- [Task to carry out]: Return only the stretch of the material below that begins with the line containing "Lenovo 350 Bluetooth" and ends with the line containing "THE FRIENDS OF LINCOLN PARK", exactly; both of those lines belong to it.

- [Data records]:
============
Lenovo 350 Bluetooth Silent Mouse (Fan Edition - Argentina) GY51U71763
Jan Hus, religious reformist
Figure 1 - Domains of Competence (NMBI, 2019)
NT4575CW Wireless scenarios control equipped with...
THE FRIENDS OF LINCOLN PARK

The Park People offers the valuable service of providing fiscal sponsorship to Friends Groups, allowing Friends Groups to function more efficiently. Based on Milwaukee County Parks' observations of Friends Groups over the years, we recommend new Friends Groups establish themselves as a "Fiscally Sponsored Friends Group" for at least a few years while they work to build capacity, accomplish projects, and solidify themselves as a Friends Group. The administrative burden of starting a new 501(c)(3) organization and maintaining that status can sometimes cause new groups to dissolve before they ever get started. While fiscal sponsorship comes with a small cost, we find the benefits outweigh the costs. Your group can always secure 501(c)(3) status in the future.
============
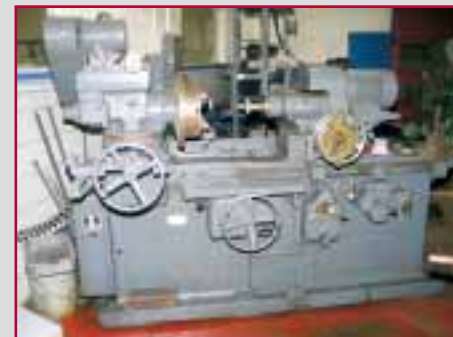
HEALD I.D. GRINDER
============
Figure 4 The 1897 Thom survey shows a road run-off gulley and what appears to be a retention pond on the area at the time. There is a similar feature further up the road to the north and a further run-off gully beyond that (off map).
============
- [Finished exercise]:
Lenovo 350 Bluetooth Silent Mouse (Fan Edition - Argentina) GY51U71763
Jan Hus, religious reformist
Figure 1 - Domains of Competence (NMBI, 2019)
NT4575CW Wireless scenarios control equipped with...
THE FRIENDS OF LINCOLN PARK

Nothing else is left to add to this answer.